Rob co-founded the Connecticut Association of Paramedics and EMTs in response to a law that said only privately-employed first responders were not entitled to equal benefits to municipally-employed first responders. “It came down to protecting people, right?” Rob recalls. “If I showed up and there was a scene where there was a firefighter, a paramedic, or and an EMT, and me working for a commercial entity (such as the private ambulance company he worked for). If we were to do the exact same call and work together as a team, that firefighter, EMT, or paramedic would have been ab le to take advantage of that benefit, whereas I wouldn’t.”
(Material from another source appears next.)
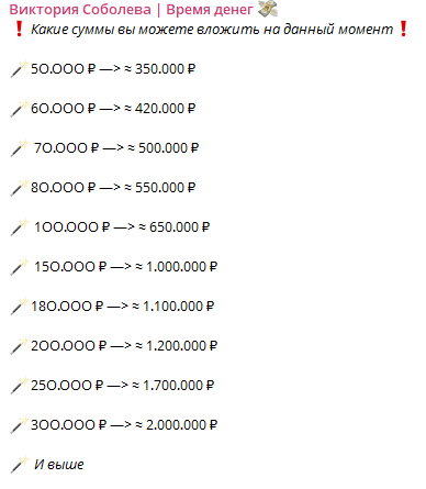 Главная услуга, которую оказывает Виктория, — это «раскрутка депозита». Вложив 50 тыс. рублей, клиент якобы на следующий день получит 350 тыс., 70 тыс. — 500 тыс. Тому, кто переведет ей 300 тыс., Соболева обещает сразу 2 млн. То есть доходность составляет выше 500% в день. Такую прибыль не может дать даже криптовалютный рынок с его высокой волатильностью. Очевидно, что перед нами мошенница, которая обманывает неподготовленных людей.

So how did he handle it? “A group of us got together and said, ‘It’s not right.’ We discussed it and started a petition. We got like ten thousand signatures, and we went to the [Connecticut] Capitol Building and said, ‘This is totally unacceptable.’ Through different conversations we were able to have all EMTs, all EMS providers, no matter where you worked, added in the next session.
Currently Rob is working in Maine to get new tools — procedures involved in counteracting drug overdoses — into the medication boxes of paramedics. “I knew that one of the biggest impacts [I] could have was in policy-making. I wanted to contribute to building regulations for policies that will give emergency medical service providers more tools.” To him, it seemed like a natural progression if he wanted to do more: to be able to equip other people to help.